Fully supported! Scroll down on our latest Mistral notebook: https://colab.research.google.com/drive/1Dyauq4kTZoLewQ1cApceUQVNcnnNTzg_?usp=sharing

For 16bit merging:

model.save_pretrained_merged("dir", tokenizer, save_method = "merged_16bit")
model.push_to_hub_merged("dir", tokenizer, save_method = "merged_16bit")

For GGUF merging:

model.save_pretrained_gguf("dir", tokenizer, quantization_method = "q8_0")
model.push_to_hub_gguf("dir", tokenizer, quantization_method = "q4_k_m")
model.push_to_hub_gguf("dir", tokenizer, quantization_method = "f16")

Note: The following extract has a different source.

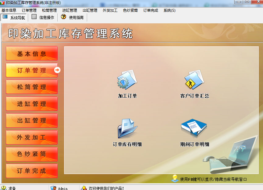 宏达印染加工库存管理系统是一个非常好用的管理软件,功能十分丰富,具有订单管理、松筒管理、进缸管理、出缸管理、外发加工等多项菜单,你可以轻松地进行地进行订单录入、订单查询等操作,操作十分方便。

We support all GGUF configs:

Choose for `quantization_method` to be:
"not_quantized"  : "Recommended. Fast conversion. Slow inference, big files.",
"fast_quantized" : "Recommended. Fast conversion. OK inference, OK file size.",
"quantized"      : "Recommended. Slow conversion. Fast inference, small files.",
"f32"     : "Not recommended. Retains 100% accuracy, but super slow and memory hungry.",
"f16"     : "Fastest conversion + retains 100% accuracy. Slow and memory hungry.",
"q8_0"    : "Fast conversion. High resource use, but generally acceptable.",
"q4_k_m"  : "Recommended. Uses Q6_K for half of the attention.wv and feed_forward.w2 tensors, else Q4_K",
"q5_k_m"  : "Recommended. Uses Q6_K for half of the attention.wv and feed_forward.w2 tensors, else Q5_K",
"q2_k"    : "Uses Q4_K for the attention.vw and feed_forward.w2 tensors, Q2_K for the other tensors.",
"q3_k_l"  : "Uses Q5_K for the attention.wv, attention.wo, and feed_forward.w2 tensors, else Q3_K",
"q3_k_m"  : "Uses Q4_K for the attention.wv, attention.wo, and feed_forward.w2 tensors, else Q3_K",
"q3_k_s"  : "Uses Q3_K for all tensors",
"q4_0"    : "Original quant method, 4-bit.",
"q4_1"    : "Higher accuracy than q4_0 but not as high as q5_0. However has quicker inference than q5 models.",
"q4_k_s"  : "Uses Q4_K for all tensors",
"q5_0"    : "Higher accuracy, higher resource usage and slower inference.",
"q5_1"    : "Even higher accuracy, resource usage and slower inference.",
"q5_k_s"  : "Uses Q5_K for all tensors",
"q6_k"    : "Uses Q8_K for all tensors",

JacksonCakes commented 7 months ago

Hey @danielhanchen, thanks for the amazing work! However, I tried saving 4-bits model but encounter following error:

NotImplementedError: You are calling `save_pretrained` on a 4-bit converted model. This is currently not supported

Here is my implementation:

from unsloth import FastLanguageModel
import torch
from trl import SFTTrainer
from transformers import TrainingArguments
from datasets import load_dataset
max_seq_length = 32768 # Supports RoPE Scaling interally, so choose any!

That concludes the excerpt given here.